Pemali adalah wujud akidah Islam berbasis kearifan lokal yang mampu merefleksikan ajaran-ajaran agama Islam, sesuai dengan kebudayaan di masing-masing daerah.
Dapat dibuktikan dengan beberapa contoh pemali di bawah ini:
Pemali tentang larangan makan di depan pintu untuk seorang gadis, karena dianggap dapat menyebabkan lelaki yang hendak melamarnya mengurungkan niat. Pemali ini berasal dari Desa Mojosari, Kecamatan Kepohbaru, Kabupaten Bojonegoro, Jawa Timur.
Sekilas, larangan itu tidak memiliki korelasi dengan dampak yang ditimbulkan bagi si pelanggar. Makan di depan pintu tidak ada kaitannya dengan jodoh. Namun, jika dicermati dengan lebih saksama, terdapat akidah Islam yang terkandung dalam pemali tersebut.
Syariat Islam di dalam karya imam Zarnuji yang berjudul Ta’limul Muta’allim menyebutkan bahwa, duduk di beranda pintu merupakan satu di antara banyak hal yang dapat menghambat rezeki. Sedangkan lamaran atau pinangan juga termasuk bentuk rezeki.
Rezeki tidak selalu hal yang berbentuk materi. Jodoh yang baik juga termasuk rezeki. Untuk itu, pemali tentang larangan makan di depan pintu adalah hal yang sesuai dengan akidah Islam dan bukan sesuatu yang mengada-ada.
Pemali selanjutnya ialah larangan bagi anak-anak berkeliaran di luar rumah menjelang waktu magrib agar tidak diculik oleh Wewe Gombel. Pemali ini berasal dari masyarakat Kecamatan Cigugur, Kabupaten Kuningan. Namun, beberapa daerah di Jawa Timur juga memberlakukan pemali ini.
Larangan berkeliaran (bermain dan sejenisnya) menjelang waktu magrib dan penculikan oleh setan seperti Wewe Gombel, dianggap oleh sebagian orang sebagai hal yang mengada-ada atau terlalu berlebihan. Hal ini disebabkan oleh wujud Wewe Gombel yang belum bisa dibuktikan kebenarannya, sehingga generasi muda saat ini sulit untuk mempercayainya.

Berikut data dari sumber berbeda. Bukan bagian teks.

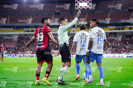 Guadalajara, Jalisco, 9 de enero de 2026. César Arturo Ramos, árbitro central, muestra tarjeta amarilla de amonestación a Edgar Guerra, durante el partido correspondiente a la jornada 1 del torneo Clausura 2026 de la Liga BBVA MX, entre los Rojinegros del Atlas y el Club Puebla, realizado en el estadio Jalisco. Foto: Imago7/ Alejandro Lias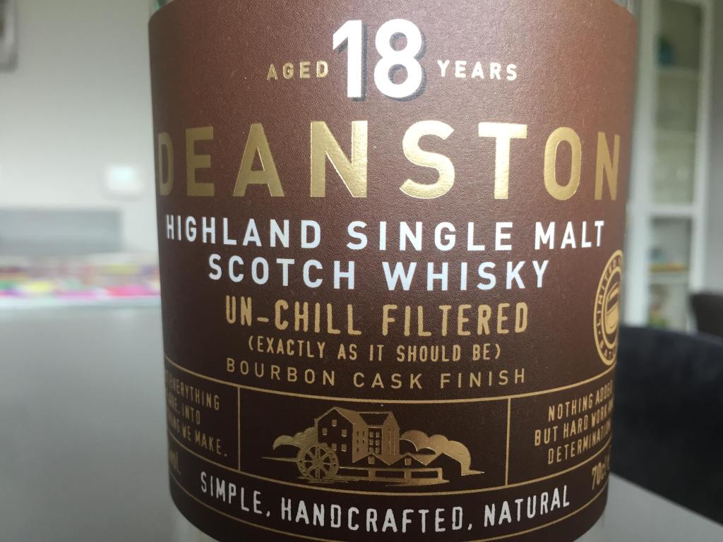 This is the older-style bottle of the 18 year-old Deanston – the packaging may have had a slight face-lift but the whisky inside is the same. The label says ‘bourbon cask finish’, which is a bit vague (e.g. was it not in ex-bourbon casks for the main part of its maturation?). After checking with the distillery I can confirm that this whisky spends its first 16 years in refill bourbon casks and is then transferred to first fill bourbon for the final two years.

Di dalam ajaran akidah Islam, pemali tersebut mengandung pesan kewajiban untuk menunaikan salat magrib. Berkeliaran menjelang waktu magrib adalah perbuatan yang rentan untuk meninggalkan salat magrib, karena waktu magrib adalah waktu yang singkat di antara salat-salat yang lain.
Pemali tentang larangan keluar rumah menjelang magrib, kemudian dikaitkan dengan penculikan oleh sosok gaib Wewe Gombel. Seseorang yang meninggalkan kewajiban salat dianggap telah terjatuh ke dalam perangkap setan, karena setan memang bertugas untuk menyesatkan manusia.
Untuk itu, tidak berkeliaran menjelang magrib adalah anjuran untuk menjalankan salat magrib. Sedangkan penculikan oleh setan (Wewe Gombel) adalah analogi tentang manusia yang terjerumus ke dalam perangkap setan, lantaran telah melanggar sebuah larangan (pemali).
Pemali terakhir yang dibahas dalam tulisan ini ialah larangan menebang pohon bambu sebanyak tiga kali dalam seminggu. Larangan ini juga berasal dari masyarakat di Kecamatan Cigugur, Kabupaten Kuningan yang seringkali dianggap oleh masyarakat—khususnya generasi muda—hanya sebagai anjuran untuk melindungi alam dari pengrusakan oleh manusia. Padahal, pemali ini juga mengandung ajaran Islam yang cukup mendalam.
Imam Abu Dawud dan Imam Turmudzi meriwayatkan sebuah hadits yang berbunyi: “Sayangilah Ciptaan-ciptaan Tuhan yang ada di Bumi, maka Penduduk Langit akan menyayangimu”. Maka, pembatasan dalam menebang bambu merupakan implementasi anjuran Rasulullah SAW dalam hadits di atas.
Menjaga dan menyayangi alam bukan hanya sebatas menjaga keseimbangan hidup, melainkan anjuran menegakkan syariat Islam. Pemali yang telah dipelihara di dalam masyarakat, selain sebagai kontrol sosial, juga merupakan usaha menguatkan pilar-pilar agama dengan cara yang otentik Indonesia, bukan diadopsi dari pengaruh dari budaya Arab, maupun kultur dunia Timur.
Sebab, kita adalah orang Nusantara, maka sudah selayaknya menghidupkan Islam dengan ciri khas Nusantara, agar ajaran-ajaran agama dapat lebih mudah diterima oleh masyarakat Indonesia yang berasal dari latar belakang budaya yang berbeda, serta dapat menganggap pemali sebagai sebuah jalan untuk mengimplementasikan akidah-akidah Islam berbasis kearifan lokal.